• [Exercise description]
Every line in the data below from the one containing "Three-dimensional blossoms unfurl" down to the one containing "Visit Proof |", both included, must be retyped exactly; no other line is to appear.

Start of Given data

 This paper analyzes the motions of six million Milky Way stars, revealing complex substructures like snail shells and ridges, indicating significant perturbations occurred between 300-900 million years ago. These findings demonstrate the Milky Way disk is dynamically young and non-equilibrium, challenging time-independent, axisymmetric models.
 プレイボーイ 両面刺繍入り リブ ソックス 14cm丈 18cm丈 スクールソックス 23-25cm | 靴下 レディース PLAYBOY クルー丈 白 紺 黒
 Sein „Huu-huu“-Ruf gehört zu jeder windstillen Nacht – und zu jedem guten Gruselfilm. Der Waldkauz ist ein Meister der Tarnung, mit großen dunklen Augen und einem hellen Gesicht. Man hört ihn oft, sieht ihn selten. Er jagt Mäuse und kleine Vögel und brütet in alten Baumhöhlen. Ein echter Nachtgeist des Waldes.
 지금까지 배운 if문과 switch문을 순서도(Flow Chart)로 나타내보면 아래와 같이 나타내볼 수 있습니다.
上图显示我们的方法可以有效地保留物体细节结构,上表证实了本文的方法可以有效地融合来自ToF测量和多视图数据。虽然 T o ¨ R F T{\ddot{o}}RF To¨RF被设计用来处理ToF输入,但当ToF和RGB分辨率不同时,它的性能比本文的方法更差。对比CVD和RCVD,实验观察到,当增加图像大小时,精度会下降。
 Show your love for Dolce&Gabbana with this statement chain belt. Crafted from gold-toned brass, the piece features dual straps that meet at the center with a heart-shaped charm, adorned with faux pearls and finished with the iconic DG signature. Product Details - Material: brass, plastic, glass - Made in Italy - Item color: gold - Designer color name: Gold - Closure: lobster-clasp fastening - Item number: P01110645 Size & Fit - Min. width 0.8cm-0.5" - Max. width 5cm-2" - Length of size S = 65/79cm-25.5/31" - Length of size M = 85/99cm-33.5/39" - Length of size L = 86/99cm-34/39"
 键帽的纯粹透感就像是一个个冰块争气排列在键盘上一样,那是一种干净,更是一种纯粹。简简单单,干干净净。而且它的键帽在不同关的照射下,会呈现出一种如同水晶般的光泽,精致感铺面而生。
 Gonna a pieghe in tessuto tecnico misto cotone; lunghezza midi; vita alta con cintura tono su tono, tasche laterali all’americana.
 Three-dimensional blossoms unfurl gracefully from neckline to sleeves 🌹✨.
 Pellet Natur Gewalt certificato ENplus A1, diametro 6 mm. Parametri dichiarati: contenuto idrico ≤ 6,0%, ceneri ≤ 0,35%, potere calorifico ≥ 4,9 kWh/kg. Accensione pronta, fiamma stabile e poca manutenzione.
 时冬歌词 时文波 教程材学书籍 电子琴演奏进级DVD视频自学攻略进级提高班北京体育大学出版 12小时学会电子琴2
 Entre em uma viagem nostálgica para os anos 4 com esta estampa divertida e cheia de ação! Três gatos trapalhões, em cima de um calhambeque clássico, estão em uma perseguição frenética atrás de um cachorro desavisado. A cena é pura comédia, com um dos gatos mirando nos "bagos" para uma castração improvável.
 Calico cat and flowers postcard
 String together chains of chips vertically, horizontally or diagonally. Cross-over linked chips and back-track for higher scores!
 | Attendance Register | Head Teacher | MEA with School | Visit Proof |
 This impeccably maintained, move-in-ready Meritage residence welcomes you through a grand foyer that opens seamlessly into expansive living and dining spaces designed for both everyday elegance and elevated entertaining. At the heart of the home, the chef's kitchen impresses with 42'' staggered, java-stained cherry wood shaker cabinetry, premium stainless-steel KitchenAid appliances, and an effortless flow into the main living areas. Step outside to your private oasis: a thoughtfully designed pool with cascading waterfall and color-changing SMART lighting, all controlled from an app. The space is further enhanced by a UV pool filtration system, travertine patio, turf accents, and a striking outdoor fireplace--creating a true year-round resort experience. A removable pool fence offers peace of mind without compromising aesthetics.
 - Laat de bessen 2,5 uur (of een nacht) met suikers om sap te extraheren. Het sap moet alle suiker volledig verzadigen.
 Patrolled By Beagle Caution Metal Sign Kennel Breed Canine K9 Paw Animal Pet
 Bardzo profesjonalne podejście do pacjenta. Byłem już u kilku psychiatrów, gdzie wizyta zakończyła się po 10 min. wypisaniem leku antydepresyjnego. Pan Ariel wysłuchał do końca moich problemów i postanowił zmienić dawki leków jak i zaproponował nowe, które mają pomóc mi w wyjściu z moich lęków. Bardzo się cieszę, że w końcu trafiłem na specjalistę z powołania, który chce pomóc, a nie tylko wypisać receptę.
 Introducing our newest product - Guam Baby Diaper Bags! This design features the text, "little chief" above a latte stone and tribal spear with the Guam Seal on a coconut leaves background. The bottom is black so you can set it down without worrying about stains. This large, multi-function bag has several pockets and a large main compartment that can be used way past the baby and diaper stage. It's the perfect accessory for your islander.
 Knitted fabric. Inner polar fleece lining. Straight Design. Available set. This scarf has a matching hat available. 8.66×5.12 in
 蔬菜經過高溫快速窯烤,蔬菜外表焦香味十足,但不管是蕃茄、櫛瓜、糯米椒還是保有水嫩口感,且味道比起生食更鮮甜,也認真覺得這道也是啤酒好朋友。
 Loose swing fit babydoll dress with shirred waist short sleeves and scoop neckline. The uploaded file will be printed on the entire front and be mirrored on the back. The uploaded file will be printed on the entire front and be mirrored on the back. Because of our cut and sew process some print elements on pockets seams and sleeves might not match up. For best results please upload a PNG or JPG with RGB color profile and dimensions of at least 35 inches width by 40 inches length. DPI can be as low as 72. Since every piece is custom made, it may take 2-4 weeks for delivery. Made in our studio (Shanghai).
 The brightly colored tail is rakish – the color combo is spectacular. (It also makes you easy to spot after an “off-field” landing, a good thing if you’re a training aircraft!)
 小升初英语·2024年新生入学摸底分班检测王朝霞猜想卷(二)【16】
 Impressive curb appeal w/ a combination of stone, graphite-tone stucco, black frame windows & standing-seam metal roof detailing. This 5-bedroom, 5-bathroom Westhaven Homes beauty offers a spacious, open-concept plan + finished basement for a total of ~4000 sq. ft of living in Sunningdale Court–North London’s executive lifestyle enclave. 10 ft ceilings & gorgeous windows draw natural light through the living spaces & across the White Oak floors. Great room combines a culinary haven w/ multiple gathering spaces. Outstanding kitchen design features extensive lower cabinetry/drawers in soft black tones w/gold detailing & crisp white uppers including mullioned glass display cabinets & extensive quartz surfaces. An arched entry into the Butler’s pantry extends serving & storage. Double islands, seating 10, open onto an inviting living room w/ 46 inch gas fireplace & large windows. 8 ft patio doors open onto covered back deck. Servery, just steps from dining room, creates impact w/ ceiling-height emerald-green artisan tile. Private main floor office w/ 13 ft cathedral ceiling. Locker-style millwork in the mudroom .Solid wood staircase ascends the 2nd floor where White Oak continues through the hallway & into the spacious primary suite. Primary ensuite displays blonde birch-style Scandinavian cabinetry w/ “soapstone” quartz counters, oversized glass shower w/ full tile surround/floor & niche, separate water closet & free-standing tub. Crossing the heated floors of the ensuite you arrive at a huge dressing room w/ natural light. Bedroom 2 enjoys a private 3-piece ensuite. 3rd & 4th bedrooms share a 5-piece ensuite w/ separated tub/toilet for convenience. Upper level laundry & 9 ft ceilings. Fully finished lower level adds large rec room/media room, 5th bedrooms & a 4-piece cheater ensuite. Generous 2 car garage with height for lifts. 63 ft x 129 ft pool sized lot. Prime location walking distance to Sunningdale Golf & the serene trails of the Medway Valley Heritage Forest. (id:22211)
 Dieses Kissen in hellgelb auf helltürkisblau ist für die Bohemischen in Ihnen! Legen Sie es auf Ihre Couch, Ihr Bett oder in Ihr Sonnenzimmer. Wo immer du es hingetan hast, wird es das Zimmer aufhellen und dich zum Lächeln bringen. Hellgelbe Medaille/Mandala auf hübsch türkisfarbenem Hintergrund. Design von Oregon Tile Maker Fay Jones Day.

End of Given data

• [Expected answer]
 Three-dimensional blossoms unfurl gracefully from neckline to sleeves 🌹✨.
 Pellet Natur Gewalt certificato ENplus A1, diametro 6 mm. Parametri dichiarati: contenuto idrico ≤ 6,0%, ceneri ≤ 0,35%, potere calorifico ≥ 4,9 kWh/kg. Accensione pronta, fiamma stabile e poca manutenzione.
 时冬歌词 时文波 教程材学书籍 电子琴演奏进级DVD视频自学攻略进级提高班北京体育大学出版 12小时学会电子琴2
 Entre em uma viagem nostálgica para os anos 4 com esta estampa divertida e cheia de ação! Três gatos trapalhões, em cima de um calhambeque clássico, estão em uma perseguição frenética atrás de um cachorro desavisado. A cena é pura comédia, com um dos gatos mirando nos "bagos" para uma castração improvável.
 Calico cat and flowers postcard
 String together chains of chips vertically, horizontally or diagonally. Cross-over linked chips and back-track for higher scores!
 | Attendance Register | Head Teacher | MEA with School | Visit Proof |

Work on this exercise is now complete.